Again using the same approach of generating the Docker image on the ADES side, the possible security breaches might be detected by inspecting the Dockerfile and fixed before building the container.

8.4. Kubernetes Cluster Support

Although Earth Observation platforms are typically installed in a Cloud infrastructure, the majority of implementations in OGC Testbeds have limited the execution on a single node machine. This considerably restricts the system scalability and computing possibilities.

Kubernetes has become the de facto standard for deploying containerized applications in private and public cloud environments. The CFP strongly encouraged prototyping and testing the execution and deployment of the applications in a Kubernetes cluster.

In this pilot, Spacebel implemented the whole system on top of a Kubernetes cluster, including both the system components (ADES, Catalogue) and the processing jobs. Spacebel also prototyped the split of supplied inputs to execute the atomic task in parallel. The automated scalability of the cluster nodes allows to extend the infrastructure by provisioning additional machines when multiple processes are requested, thus allowing to execute simultaneously a very high number of concurrent jobs.

Note that the Docker Application Package format was limited to the few CWL properties defined in OGC Testbed-14 because no CWL engine provides Kubernetes support.

8.5. CWL Pros and Cons

During Testbed-14, certain parts of the CWL specification were adopted to extend the possibilities to express the command-line syntax of Docker containers, not to execute the process on a CWL engine backend. Participants decided to support only the CWL properties related to the command-line syntax. Indeed, supporting the entire specification raises the following issues:

  • With the emergence of Kubernetes as the de facto standard for container orchestration (in particular since 2017, as Docker announced the integration of Kubernetes in its Enterprise Edition), it is not understood why an EO app container would be described using the little-known CWL alternative instead of using the Kubernetes resource model. Indeed, Kubernetes Pod definition (https://kubernetes.io/docs/concepts/workloads/pods/) supports detailed Cloud-related aspects such as communication between containers, resource sharing, health check, init containers, job patterns, parallel executions for jobs, and Kubernetes Argo provides support for workflows (DAG or step-based) and pipelines with optimized execution on distributed environment (https://argoproj.github.io/). We recommend adopting Kubernetes properties for describing the container interfaces in the Application Package.

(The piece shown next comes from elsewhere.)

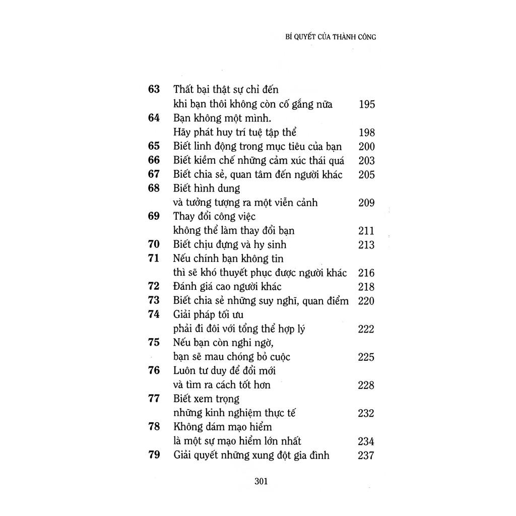 Bí quyết của thành công không phải là những gì xa lạ và khó thực hiện, đòi hỏi phải rèn luyện công phu trong nhiều năm trời mới có được. Cuốn sách không đưa ra những điều cao siêu hay đặt ra những mục tiêu lớn lao vượt khỏi khả năng của mỗi người. Mà chỉ đơn giản là những thái độ sống, những suy nghĩ tích cực, những điều khuyên thực tế mà bạn có thể áp dụng ngay vào lúc này – bất kể hoàn cảnh và tình trạng hiện có của bạn.

  • CWL specification is huge and exceeding the command-line syntax with a number of specific functions and capabilities, representing a very considerable effort for the implementation.

  • Existing CWL engines are generally limited to a local single node execution (e.g. Airflow supports Kubernetes but not when using CWL language, CWLRunner requires implementing an extension). The few existing solutions (calrissian, REANA) did not meet our expectations.

  • Adopted Docker technology enables a wide variety of solutions and backends (Kubernetes, Swarm, CWL, Argo, homemade scheduler, etc.) clearly restricted by the majority of available free CWL engines.

  • The CWL object model (Semantic Annotations for Linked Avro Data) can hardly be expressed in OpenAPI (and JSON schema).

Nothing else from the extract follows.